因为读书不多,许多人也是法盲,做事更多是凭着自己的良心和道义。

只要不是什么伤天害理的事儿,大家伙都是这么过过的。

(二)

从老村长口里了解到,李贵柱这人也不是什么善茬,年轻时跟人干架,差点儿把对方给打死,对自家媳妇也是动不动就打骂的那种。

就在村里的年轻人都外出打工时,他却选择让自家媳妇儿出去抛头露面地赚钱,自己则在家喝酒抽烟过逍遥日子,他家还有个快十岁的女儿,名叫李云,是个乖巧可爱的孩子。

带着几个警员和老村长一起去到李贵柱的家,赵天明也从老村长陆陆续续的讲话中,拼凑出李贵柱家的一些信息了。

一行人赶到的时候,李家里面正传来响亮的哭声,院子的门开着,一眼就瞅见一个花白了头发的老媪坐在门口拍着大腿哭。

她边哭边喊着些什么,老村长介绍,这是李贵柱的妈,今年六十二岁。

赵天明看她哭得涕泪横流,留下女警张明安慰她,自己则带着笔录警员周亮和另一个小警员一起进去。

李家媳妇儿妮儿在东边的茅屋,她呆呆地坐在凳子上,头发凌乱神情呆滞,两只手却紧紧搂着个小女孩,一副母鸡护小鸡仔的架势。

屋内亮着灯,灯光昏黄,照得房子都朦朦胧胧的,赵天明注意到炕上的男人,脸色发紫,明显是中了毒。

听到脚步声,妮儿猛地抬起头,见是三个穿制服的警员,眼里眸光一闪,又很快地低下了头。

“妮儿,赵警官来了。”老村长上前一步道,“你把你所知道的都详细告诉赵警官,他会替你做主的。”

妮儿缓缓地抬起头,目光从老村长身上转到赵天明那儿,痴痴呆呆地打量片时后垂下脑袋摇摇头,“我不知道……等我发现阿柱时,他就已经咽气了。”

赵天明往前一步,放柔了嗓音开口:“这段时间可否看到李贵柱的异常情况?”

妮儿沉默不语,像是在很认真地思考,好一会儿她才摇了摇头。

“那,近期可曾有谁跟他有过过节?”

妮儿再次摇头,思考的时间比前一次短了很多。

“是你报的警吗?”

这回回答的是老村长,“是我家婆子报的,妮儿哭着来找我家婆子说贵柱不行了,我婆子见他脸色发黑,像是中了毒,这才报的警。”

赵天明点点头,转向妮儿,“阿婆跟你关系很好?”

“我家婆子是媒人,当初就是她撮合他俩的。
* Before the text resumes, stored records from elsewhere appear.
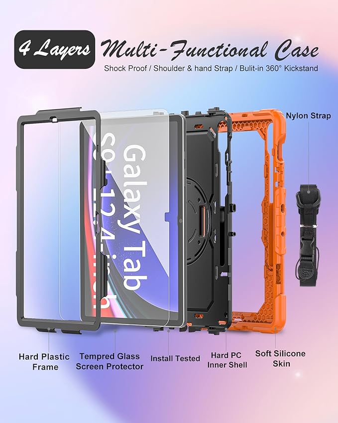 - Tempered Glass Screen Protector: The Tab S10 Plus/ S9 FE Plus/ S9 Plus 12.4” Shockproof Case for Samsung Galaxy come with a 9H hardness tempered glass screen protector to provide more comprehensive protection for the device. The HD screen protector is scratch-resistant, fingerprint-proof, sensitive to touch, easy to install and durable, and can be used with Stylus S-Pen. If your Tab S10+/ S9 FE+/ S9+ Tablet needs a full set of protective equipment, then they are a good choice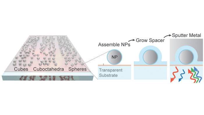 These so-called plasmonic metasurfaces consist of three layers — a metal base coated in a nanometer-thin transparent substrate topped with silver nanocubes. While this configuration has worked well for laboratory demonstrations, it leaves little room for creativity. Because an area of the nanoparticle must be within a few nanometers of the metal surface below, researchers couldn’t use a wide variety of shapes.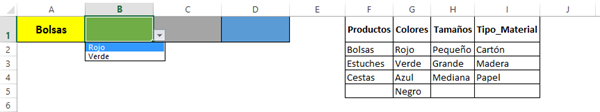 Quisiera que cuando pongo en la primera columna "Bolsa" en la segunda lista sólo me salga rojo y verde, y en la tercera grande y mediana y en la cuarta carton

”说起这事,老村长羞愧又尴尬,他怎会料到有现今这样的场面?哪个大人不希望小辈好好生活,努力奋斗的?

出了这事,他俩都不好过啊。

半个多小时后,一个年轻的警员从屋外走了进来。

“队长,有发现了。”他走到赵天明身边一阵耳语,而后者的脸上愈发凝重起来。

“好的,知道了。”赵天明点点头,目光再次落到安安静静的妮儿身上。

女人从始至终都抱着小女孩,除了最开始他们进来时,她抬头看了他们一眼,就连后面的问话,她一直都是垂着脑袋的。
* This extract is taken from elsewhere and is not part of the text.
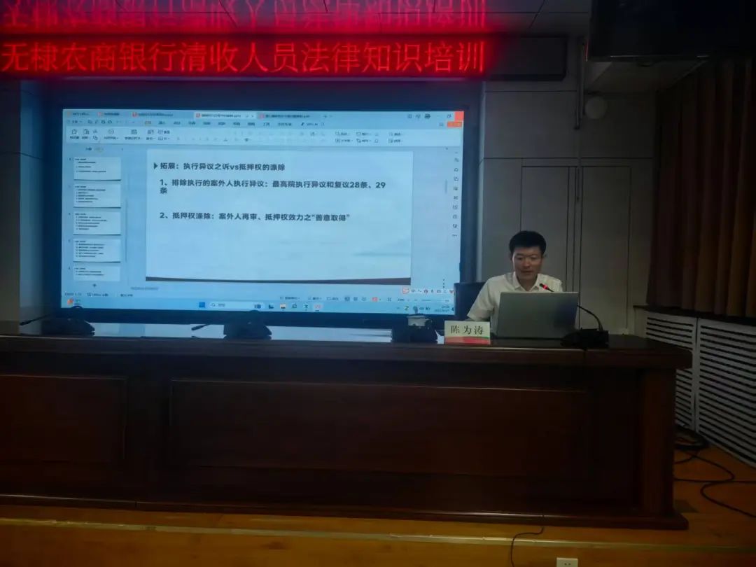 近日,众成清泰潍坊所高级合伙人陈为涛走进无棣农商银行,开展主题为“金融债权执行与抵押物处置法律难点解析”的专项法律宣讲。加强银行从业人员对金融法律实务的理解,提升风险防范能力。

“妈妈……”小女孩被赵天明那过分严肃的脸吓得往妮儿怀里钻,“爸爸他怎么还不醒?他不会再打我了,是吗?”

妮儿身体重重地一颤,将女儿抱得更加的紧了。

这一幕落在赵天明眼里,他抿紧了薄唇一言不发。

小女孩见赵天明的脸色更加阴沉了些,头直接埋进妮儿的脖颈处,“妈妈,我害怕。”

原本还绷紧了身体的妮儿因着女儿的动作,心里一下柔软了不少,脸上的表情也逐渐缓和,她一边拍着女儿的后背一边安慰道:“不怕,云儿不怕,妈妈在,云儿不用害怕。”

“老李媳妇,请随我们去一趟公安局。”

(三)

面对赵天明的这句话,妮儿并没有表现出多大的震惊来,反倒相当的平静以及……如释负重。

窗外的日光穿过厚重的玻璃窗照射进来,淡淡的金橘色洒在这对母女身上,平静而祥和。

妮儿抬起了头,直直看向赵天明,忽然扬唇。

跟着她又轻轻握住李云的手,开口:“云儿,妈妈先跟这位叔叔出去一趟,过几天就回来,你在家要好好的,等着妈妈回来,好吗?”

“妈妈这是要去哪?你好不容易回家,又要离开云儿了吗?”李云反握住妮儿的手,脸上忽然布满了恐惧,“一会儿等爸爸醒来,他又要打我了怎么办?妈妈,你别走,留下来陪我……”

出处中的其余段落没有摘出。